=== Begin Enclosure ===
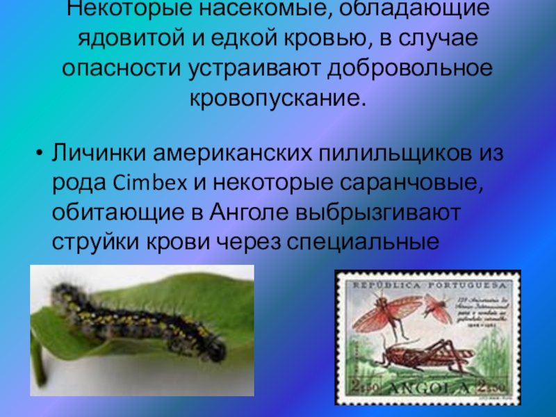 Слайд 22Некоторые насекомые, обладающие ядовитой и едкой кровью, в случае опасности устраивают
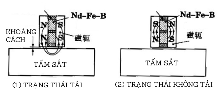 - Ở trạng thái OFF: Nam châm vĩnh cửu bị che chắn, từ trường không tác động ra ngoài, thiết bị không hút thép.
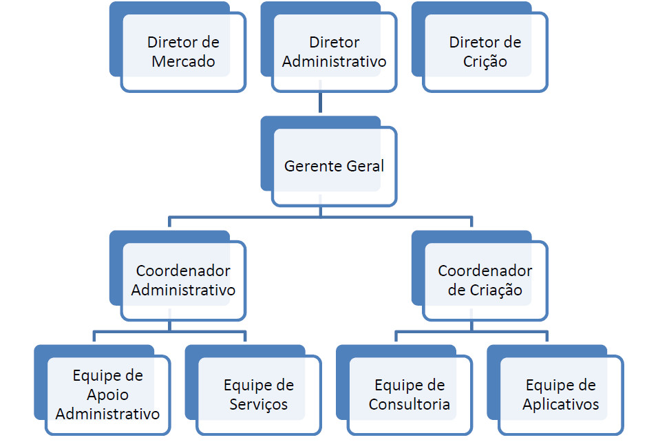 A QWE possui uma estrutura administrativa pequena. Com 39 funcionários, seu desenho organizacional é composto por três níveis hierárquicos (Veja figura no Anexo). O primeiro escalão é formado pelos três sócios, que dividiram a tarefa formalmente entre a Diretoria de Criação, a Diretoria de Mercado e a Diretoria Administrativa. A primeira cuida dos processos que envolvem o desenvolvimento de produtos e serviços disponibilizados. A segunda é responsável pelos contatos com o mercado de clientes, o que inclui prospecção e atendimento aos atuais. Por fim, a Diretoria Administrativa é responsável pela gestão de pessoal e o controle financeiro do negócio.
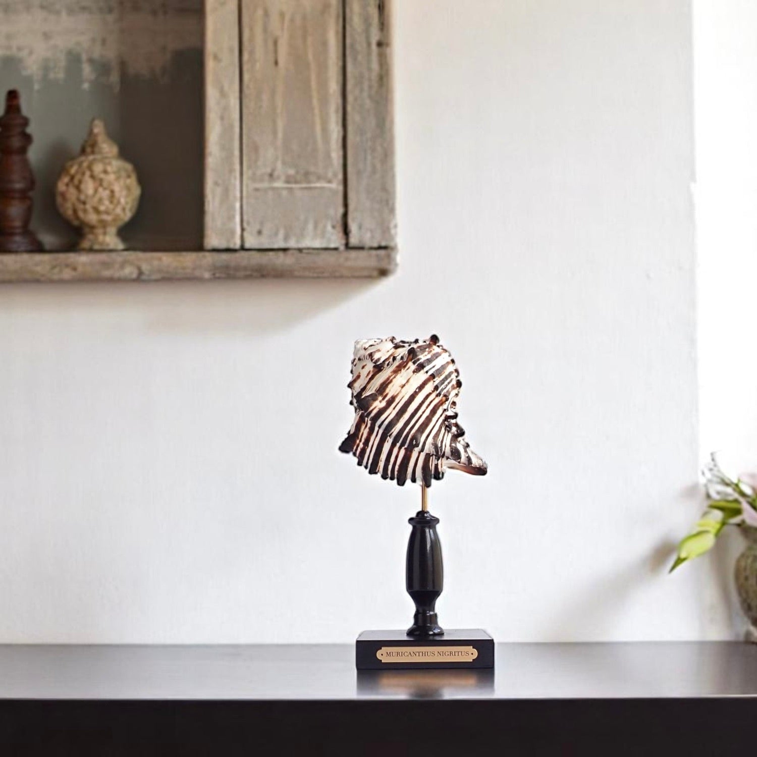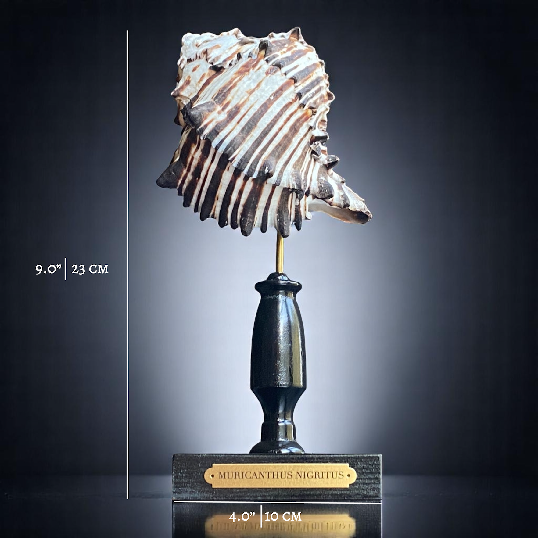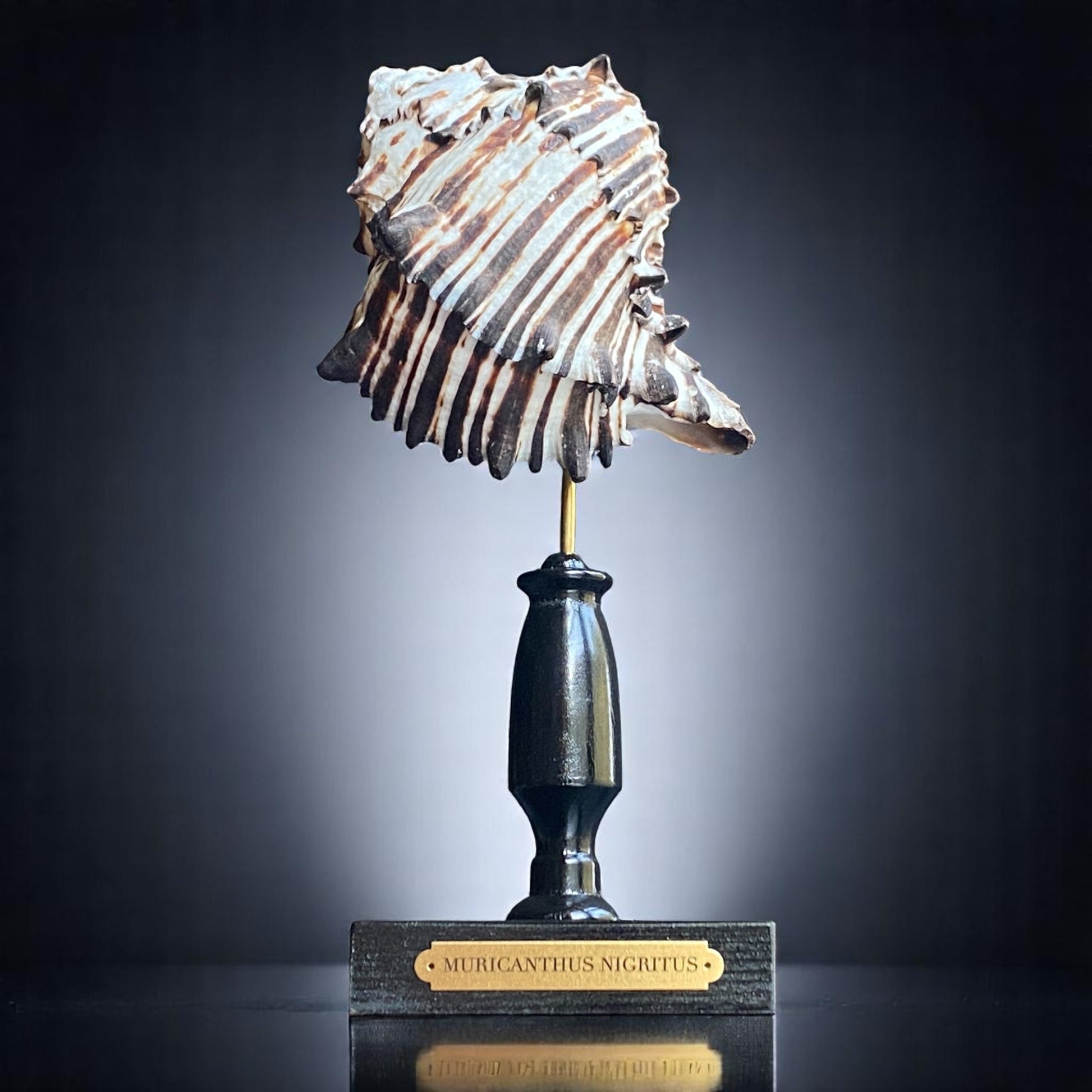 A stunning tropical shell displayed on a handmade glossy black stand with a brass plaque engraved with the Latin name for the species that called this shell its home.
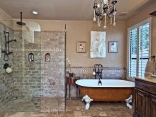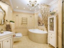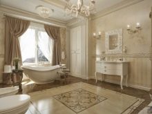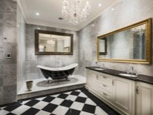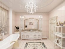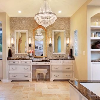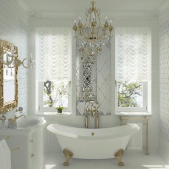 - Klasik. Banyo tasarımındaki klasik tarz lüks ve hatta aşırı ponpon anlamına gelir. Burada, sadece orijinal sıva kalıpları ve bronz veya bakır tonları olan pahalı lamba versiyonları uygun olacaktır. Bu durumda ideal seçenek, süslü renkler şeklinde metal çerçeveler olacaktır. Ayrıca, pahalı porselen veya seramik avizeler burada iyi görünebilir. Kristal lambalar kendilerini en iyi şekilde gösterirler.
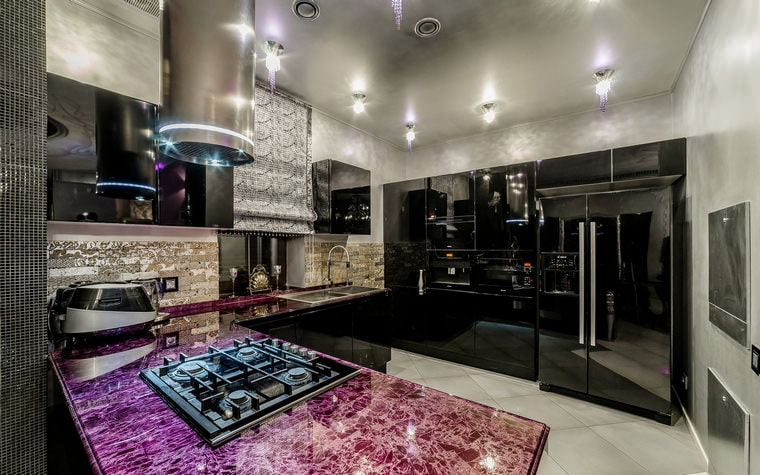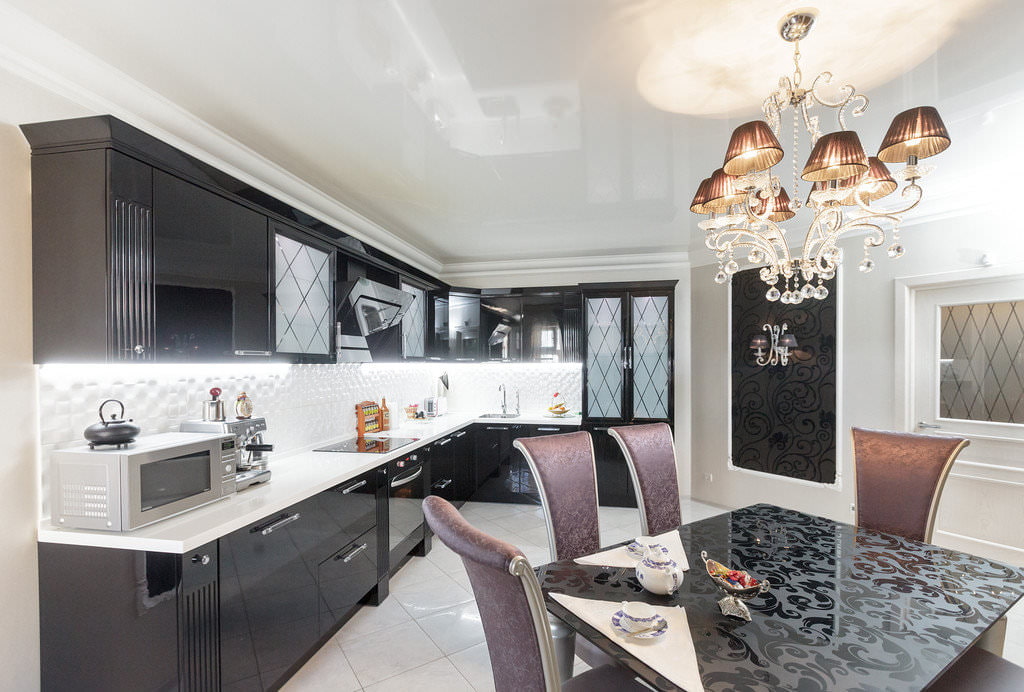Un ensemble de cuisine en bois, verre et métal est la meilleure option. Vous pouvez utiliser des meubles en MDF, mais ils doivent être chers et élégants.
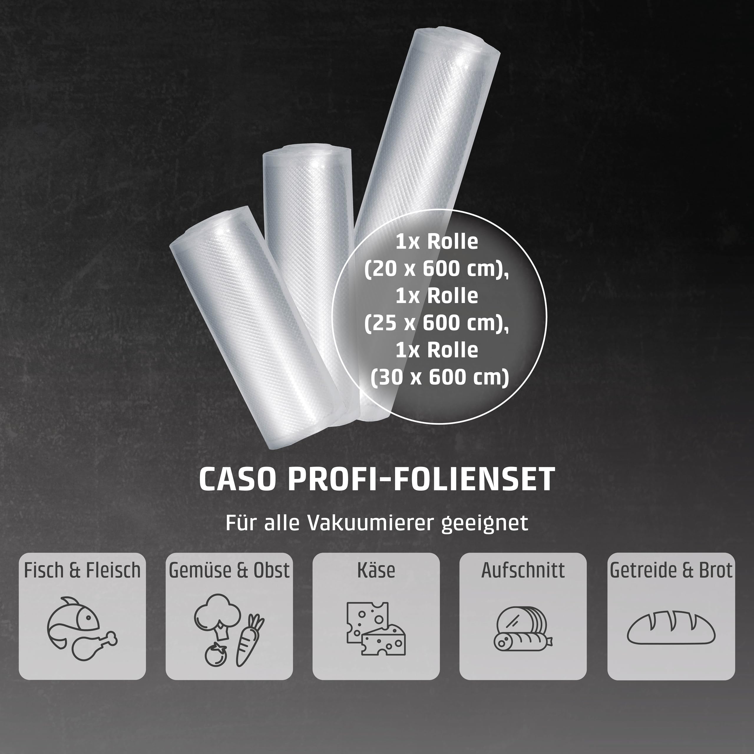 CASO Profi- Folienset 4, 3x Folienrolle (1x20x600cm, 1x25x600cm, 1x30x600cm), Vakuumierbeutel, Vakuumbeutel für Lebensmittel, reissfest 150µm, Vakuumierfolie Sous Vide, BPA-frei
=== End Enclosure ===
## Instructions for the task
The answer must repeat every record exactly, with all pictures left out.

## Output for this exercise
 Слайд 22Некоторые насекомые, обладающие ядовитой и едкой кровью, в случае опасности устраивают
 - Ở trạng thái OFF: Nam châm vĩnh cửu bị che chắn, từ trường không tác động ra ngoài, thiết bị không hút thép.
 A QWE possui uma estrutura administrativa pequena. Com 39 funcionários, seu desenho organizacional é composto por três níveis hierárquicos (Veja figura no Anexo). O primeiro escalão é formado pelos três sócios, que dividiram a tarefa formalmente entre a Diretoria de Criação, a Diretoria de Mercado e a Diretoria Administrativa. A primeira cuida dos processos que envolvem o desenvolvimento de produtos e serviços disponibilizados. A segunda é responsável pelos contatos com o mercado de clientes, o que inclui prospecção e atendimento aos atuais. Por fim, a Diretoria Administrativa é responsável pela gestão de pessoal e o controle financeiro do negócio.
 A stunning tropical shell displayed on a handmade glossy black stand with a brass plaque engraved with the Latin name for the species that called this shell its home.
 - Klasik. Banyo tasarımındaki klasik tarz lüks ve hatta aşırı ponpon anlamına gelir. Burada, sadece orijinal sıva kalıpları ve bronz veya bakır tonları olan pahalı lamba versiyonları uygun olacaktır. Bu durumda ideal seçenek, süslü renkler şeklinde metal çerçeveler olacaktır. Ayrıca, pahalı porselen veya seramik avizeler burada iyi görünebilir. Kristal lambalar kendilerini en iyi şekilde gösterirler.
Un ensemble de cuisine en bois, verre et métal est la meilleure option. Vous pouvez utiliser des meubles en MDF, mais ils doivent être chers et élégants.
 CASO Profi- Folienset 4, 3x Folienrolle (1x20x600cm, 1x25x600cm, 1x30x600cm), Vakuumierbeutel, Vakuumbeutel für Lebensmittel, reissfest 150µm, Vakuumierfolie Sous Vide, BPA-frei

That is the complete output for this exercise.